O rosto vermelho e inchado, todo molhado de lágrimas, testa enrugada, lábio vincado contra o queixo. Arfava como se estivesse afogando, não um gemido fino mas um choro grosso de ar tentando resistir à asfixia, à asma, ao estrangulamento. Seus pés nus estavam roxos pelo frio, a pele azulada na curva dos ossos. Não me olhava, não olhava parte alguma. Apenas tentava se cobrir com a toalha, agarrando os dedos no tecido com a mão crispada, comprimindo os braços contra o peito."

4 comentários:

Unknown disse...

Então você é a Sabina que a Renata fala tanto... prazer, sou amigo dela e tenho uma revista de humor que acaba de virar sáite, visite lá se lhe apetecer: jararacaalegre.com.br. Posso te ler aqui de vez em quando?
abraço
camilo

Paulodaluzmoreira disse...

Sabina,
Este trecho está muito bom – gostei demais da concentração detalhista da narradora em primeira pessoa [que poder de observação!] nesse momento tão emotivo. Digo isso sem nem saber qual é a natureza da relação entre mãe e filha, o porquê do choro, nada. Não sei bem como é a história e por isso me veio uma idéia estranha: que micro-conto genial esse trecho não daria! Exatamente pelo tanto que ele deixa sugerido. Parabéns!

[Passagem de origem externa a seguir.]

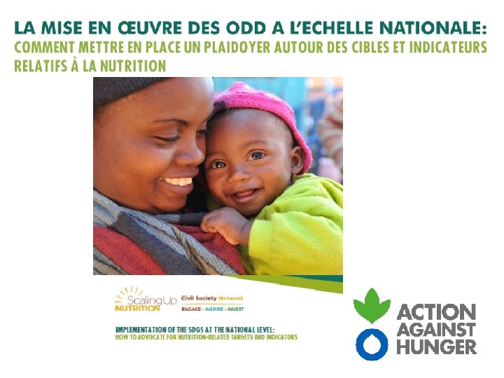 Quelles pistes d’action pour les OSC ? • Toolkit pour le plaidoyer sur l’ODD Nutrition : pistes d’action (Natalia Uribe Pando/ ACF) • Présentation d’initiatives de plaidoyer en cours (Kristel Malègue/ Eau Vive, et Edith Guiochon/ Coalition Eau)
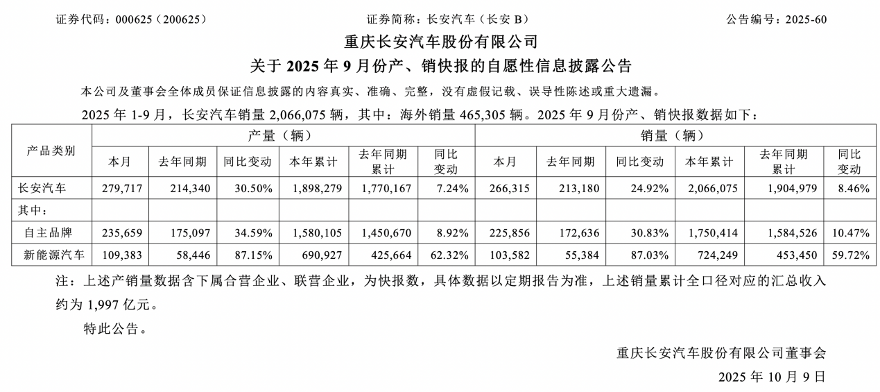 长安汽车2025年三季度延续“量价利”齐升,经营质量持续提升
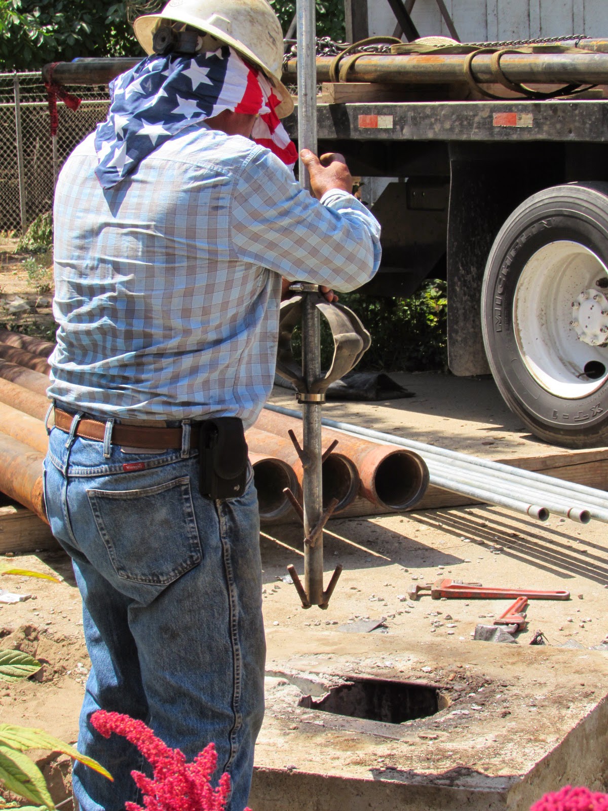 Section after section was added. (See the pipes behind him?) They used all of the 4" pipe. Once it was all lowered into the well, one section at a time, they added an elbow.
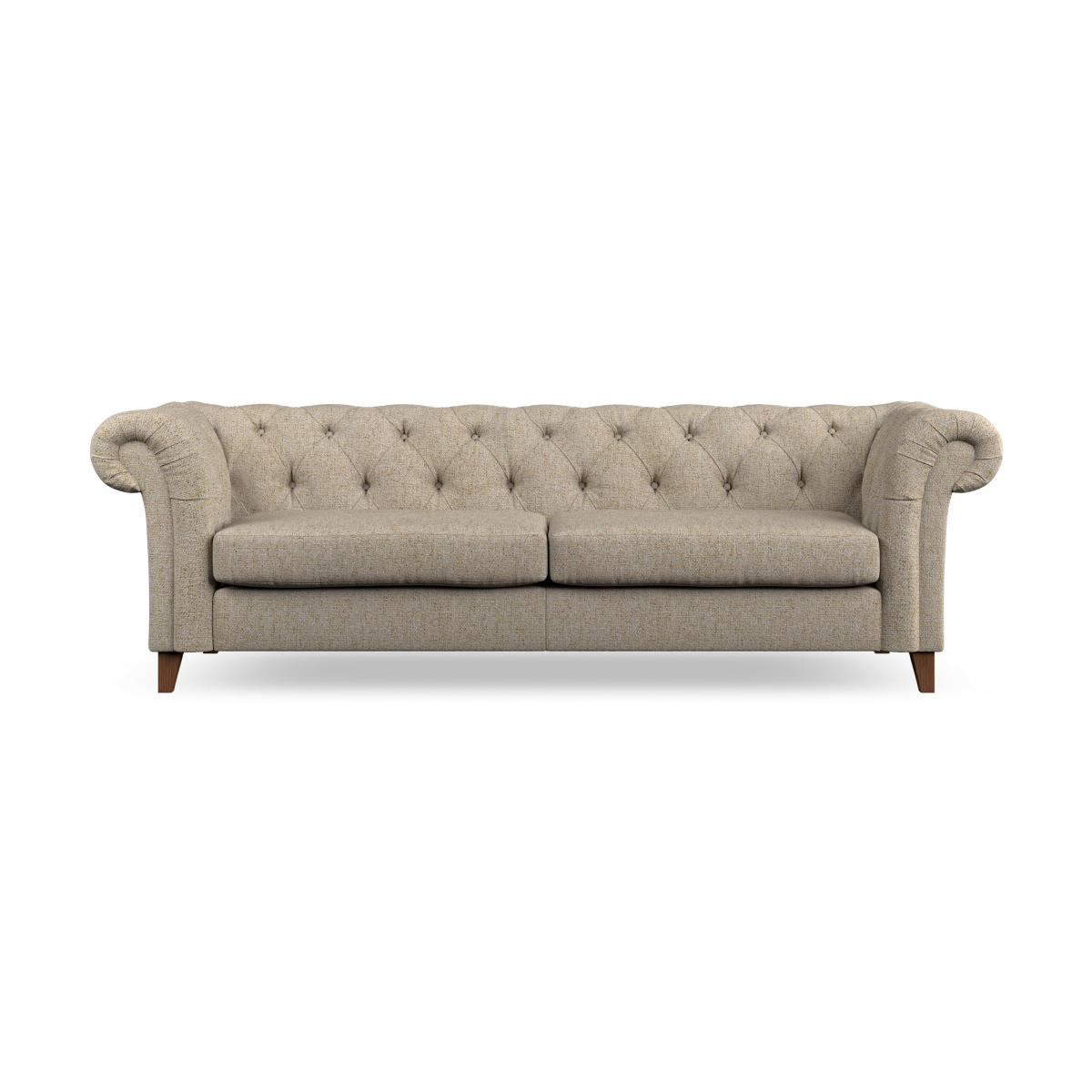 * Chesterfield style* Scroll arms* Serpentine seat springs* Choose your support, fabric and leg colour This sofa's authentic Chesterfield design features generously scrolled arms and deep buttoning, bringing a timeless elegance to your home. Built for durability, the sofa is equipped with serpentine seat springs for long-lasting comfort and a Superloop sprung back for excellent support. You have the option of a supportive, low-maintenance foam seat or a more relaxed 'Qualofill Blue' fibre seat, made from 100% recycled polyester, including post-consumer and ocean plastics. The self-sewn seat cushions offer a contemporary twist, while the hardwood legs, available in two finishes, provide a bespoke touch and are easy to fit. Made to order, the Pimlico 4 Seater Sofa allows for complete customisation, letting you choose from a variety of fabrics, colours, foot types, and fillings to create a luxurious and personalised addition to your home.

sabina anzuategui disse...

Paulo, a cena seria um tanto sentimental, por isso tentei descrever de um modo cru e horrível. Para não criar piedade e sim alguma aversão. Não sei se você sentiu assim. De todo modo isso sempre me impressionou: o modo como as pessoas se transfiguram quando choram.

Paulodaluzmoreira disse...

Acho que vc conseguiu exatamente o efeito que vc queria. E eu tbm acho importante e corajoso que um escritor enfrente essas cenas "sentimentais" [que afinal fazem parte da experiencia humana] sem precisar apelar para o dramalhao ja que o drama por si so ja e poderoso o suficiente. Depois realmente qdo a gente chora assim, fica mesmo grotesco. Muito bom.